## SUPPLIED RECORDS
-----

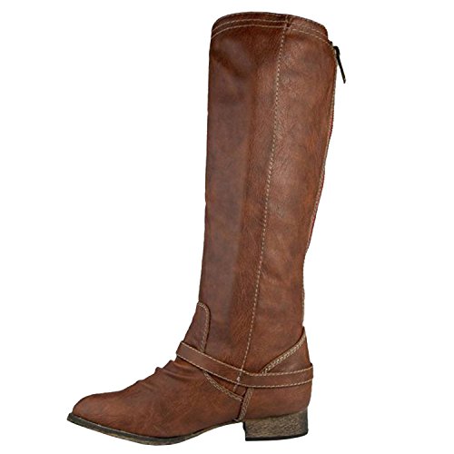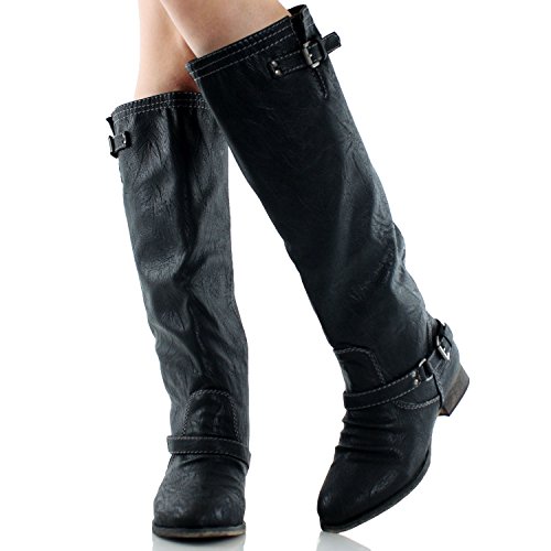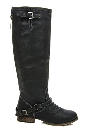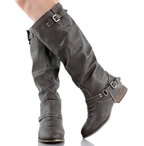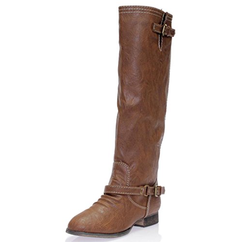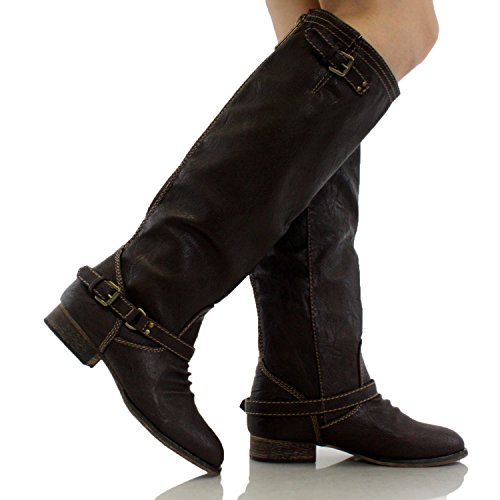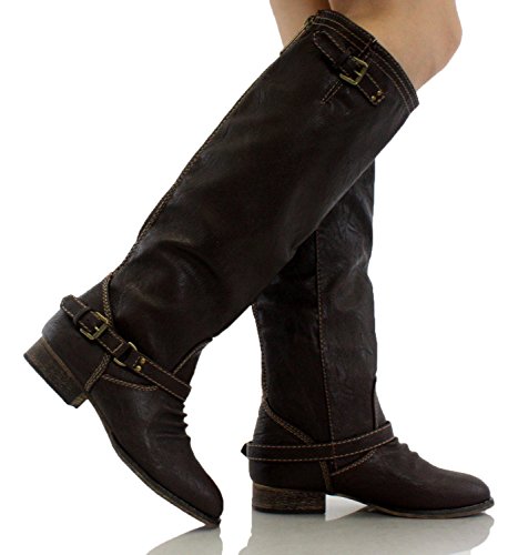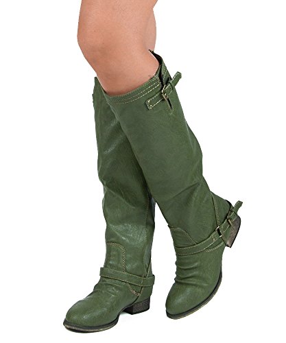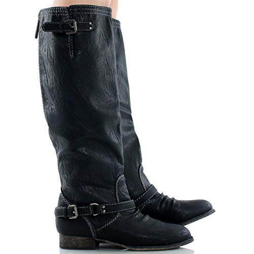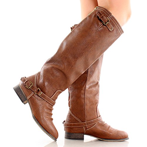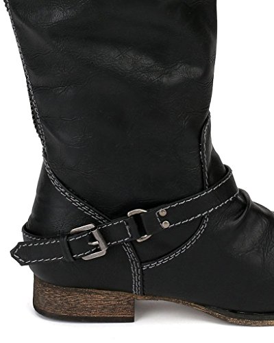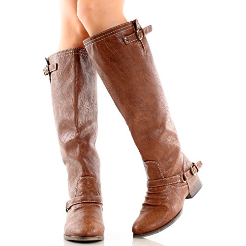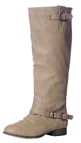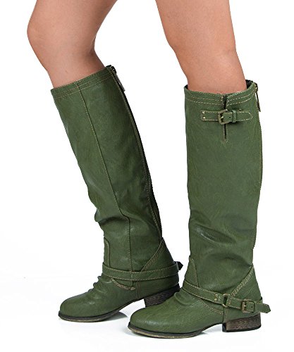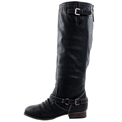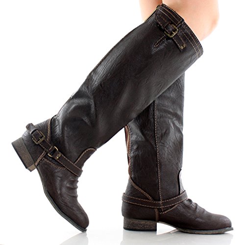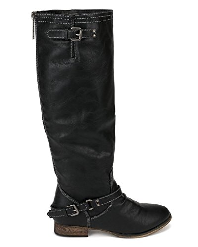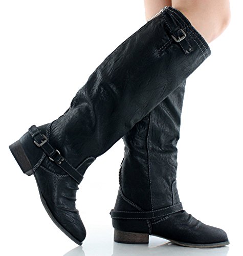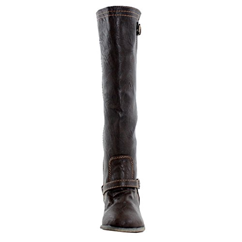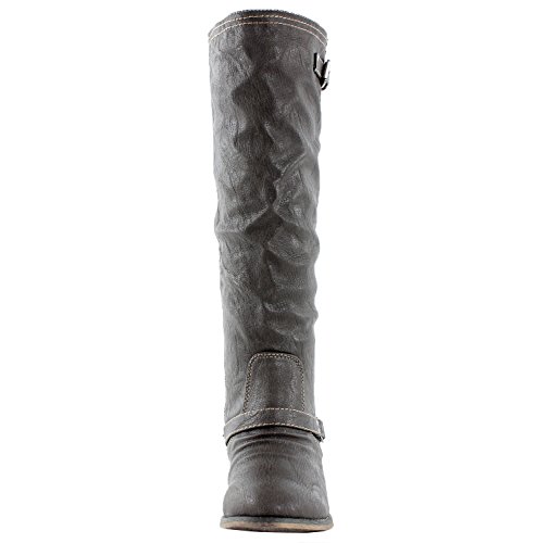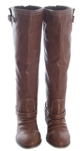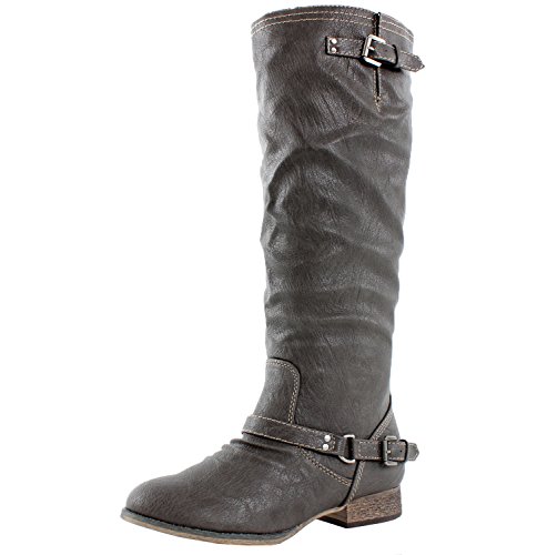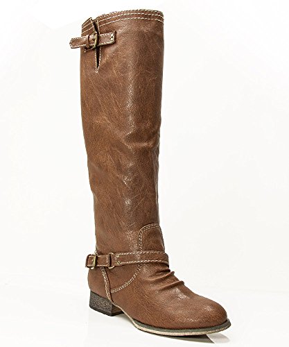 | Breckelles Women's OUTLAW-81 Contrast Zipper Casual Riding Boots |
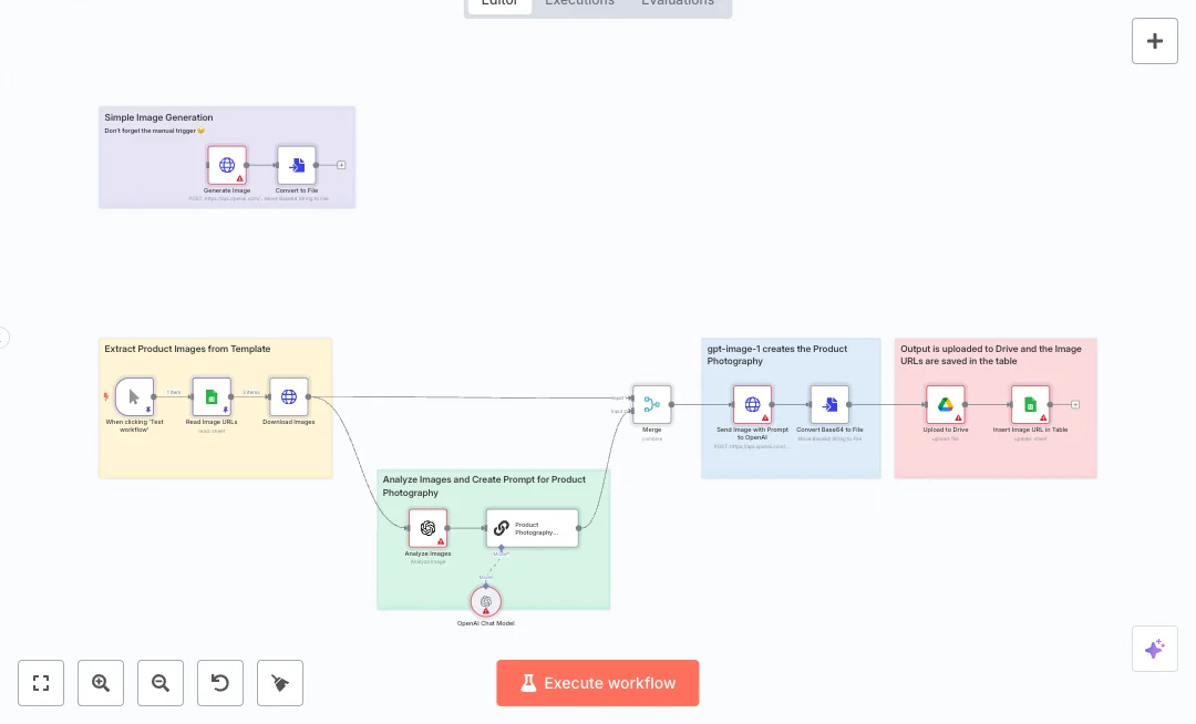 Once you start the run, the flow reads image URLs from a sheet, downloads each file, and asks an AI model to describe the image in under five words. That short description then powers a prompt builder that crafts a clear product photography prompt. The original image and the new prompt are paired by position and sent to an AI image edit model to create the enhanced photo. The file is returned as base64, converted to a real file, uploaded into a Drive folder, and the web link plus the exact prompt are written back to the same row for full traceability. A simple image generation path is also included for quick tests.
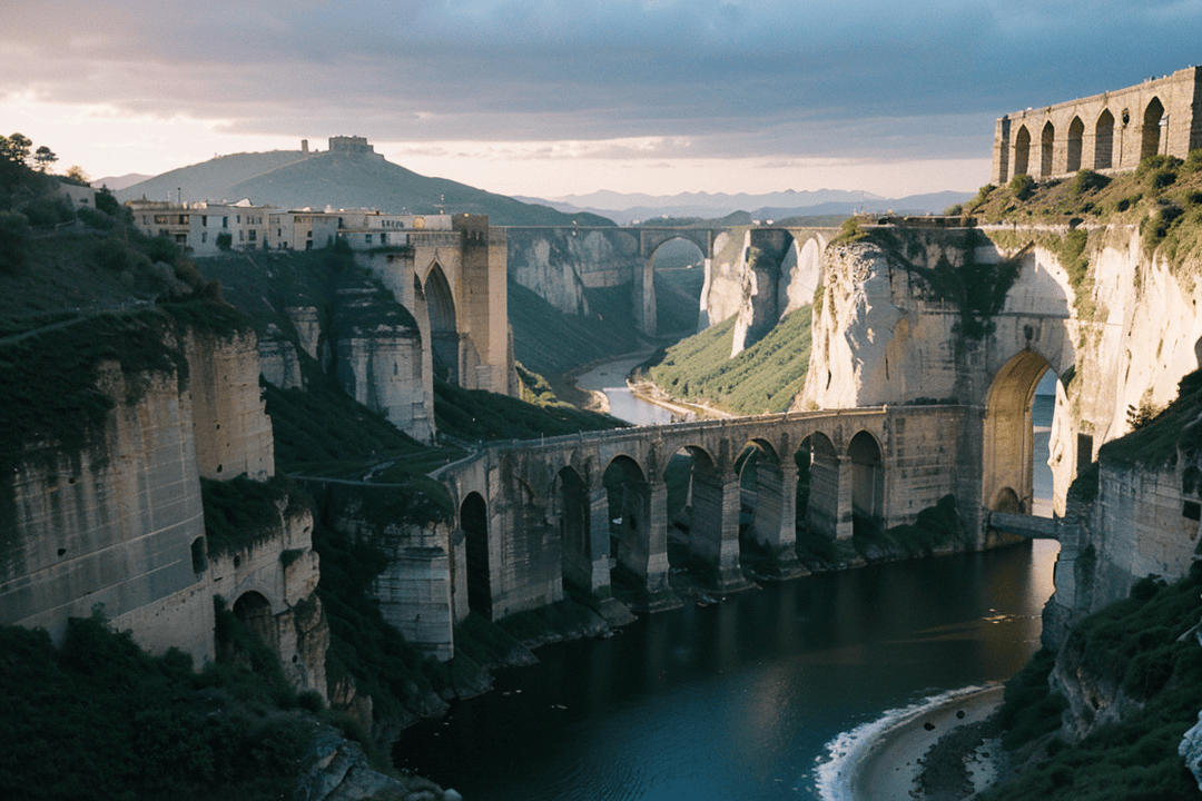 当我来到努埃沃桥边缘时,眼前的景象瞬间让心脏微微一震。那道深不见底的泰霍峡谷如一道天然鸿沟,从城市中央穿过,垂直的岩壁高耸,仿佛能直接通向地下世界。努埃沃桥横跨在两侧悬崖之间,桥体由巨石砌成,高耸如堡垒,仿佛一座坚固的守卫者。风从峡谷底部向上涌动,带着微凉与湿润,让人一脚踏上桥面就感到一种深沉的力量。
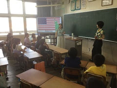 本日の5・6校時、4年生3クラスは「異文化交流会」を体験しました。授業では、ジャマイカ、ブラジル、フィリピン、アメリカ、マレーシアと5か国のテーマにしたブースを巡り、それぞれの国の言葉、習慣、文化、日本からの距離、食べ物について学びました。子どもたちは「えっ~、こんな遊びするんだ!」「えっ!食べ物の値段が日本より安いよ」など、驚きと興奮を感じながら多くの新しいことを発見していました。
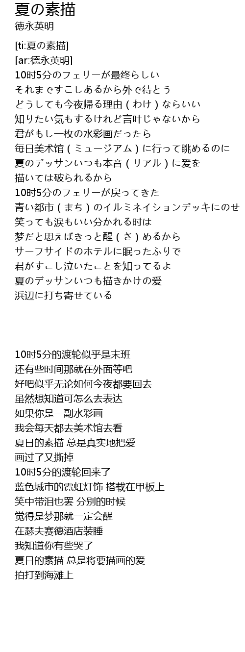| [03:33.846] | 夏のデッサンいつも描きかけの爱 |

-----

## WORK TO COMPLETE
Using the data above, give again exactly the lines starting at the one holding "Once you start" and ending at the one holding "当我来到努埃沃桥边缘时,眼前", inclusive, and nothing more. Omit the pictures.

## WRITTEN REPLY
 Once you start the run, the flow reads image URLs from a sheet, downloads each file, and asks an AI model to describe the image in under five words. That short description then powers a prompt builder that crafts a clear product photography prompt. The original image and the new prompt are paired by position and sent to an AI image edit model to create the enhanced photo. The file is returned as base64, converted to a real file, uploaded into a Drive folder, and the web link plus the exact prompt are written back to the same row for full traceability. A simple image generation path is also included for quick tests.
 当我来到努埃沃桥边缘时,眼前的景象瞬间让心脏微微一震。那道深不见底的泰霍峡谷如一道天然鸿沟,从城市中央穿过,垂直的岩壁高耸,仿佛能直接通向地下世界。努埃沃桥横跨在两侧悬崖之间,桥体由巨石砌成,高耸如堡垒,仿佛一座坚固的守卫者。风从峡谷底部向上涌动,带着微凉与湿润,让人一脚踏上桥面就感到一种深沉的力量。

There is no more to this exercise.